Few expected to find quantum mechanical manipulation in the eye of a bird. Zoologist Eric Warrant, who was not involved in the research, says, that magnetic direction sensing is “the last sense we know, effectually, nothing about.” But this mysterious intelligence appears essential to migration, and hence, to the survival of many birds. So how, exactly, do they do it?
Humans perceive the world around them with five senses — vision, hearing, taste, smell and touch. Many other animals are also able to sense the Earth’s magnetic field. For some time, a collaboration of biologists, chemists and physicists centred at the Universities of Oldenburg (Germany) and Oxford (UK) have been gathering evidence suggesting that the magnetic sense of migratory birds such as European robins is based on a specific light-sensitive protein in the eye. In the current edition of the journal Nature, this team demonstrate that the protein cryptochrome 4, found in birds’ retinas, is sensitive to magnetic fields and could well be the long-sought magnetic sensor…
Hore says “if we can prove that cryptochrome 4 is the magnetic sensor we will have demonstrated a fundamentally quantum mechanism that makes animals sensitive to environmental stimuli a million times weaker than previously thought possible.”University of Oldenburg, “Mechanism of magnetic sensing in birds” at ScienceDaily (June 23, 2021) The paper requires a subscription.

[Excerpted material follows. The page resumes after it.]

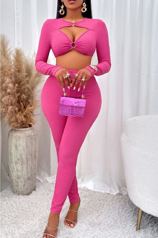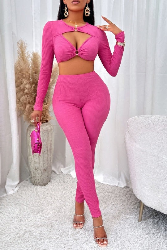 Look and feel your best in this incredible two-piece set featuring unique cutouts for a sexy touch. Made from a comfortable, slightly stretchy blend of 93% polyester and 7% spandex, this set is perfect for any occasion. For easy care, simply machine wash cold and tumble dry low. Elevate your wardrobe with this amazing set now!

That might explain the precision of migrating birds, returning to a precise spot year after year.
Warrant says that one barrier to research on quantum magnetosensing, first proposed thirty years ago, was that the hypothesis was first put forward by a physicist and most biologists weren’t in touch with the physics concepts. However, the team that zeroed in on the magnetosensing mechanism includes members from both disciplines.
The challenge, says study co-author Henrik Mouritsen, was to produce cryptochrome molecules in a beaker because it is impractical to study them inside the eye of a living bird. But they succeeded:
Henrik: Now it’s not a hypothesis that this molecule is magnetically sensitive. We can see that it’s magnetically sensitive.
V/O: The team were also curious how cryptochrome proteins compared between birds that migrate and birds that don’t.
Henrik: We then also made cryptochromes from an extreme non-migratory bird – basically the chicken. And it looks like the cryptochrome-4 from the migratory birds are significantly more magnetically sensitive than the same molecule from a chicken.How quantum mechanics help birds find their way (video, 04:10–4:34 min), Nature, June 23, 2021
The researchers also speculate that, because the processing is done in the bird’s visual field, birds may actually see Earth’s magnetic field — perhaps as a shadow imposed over an aerial view.
How do physicists think it actually works?
Quantum entanglement dictates that if two electrons are created at the same time, the pair will be “entangled” so that whatever happens to one particle affects the other. Otherwise, it would violate fundamental laws of physics.
The two particles remain entangled even when separated by vast distances.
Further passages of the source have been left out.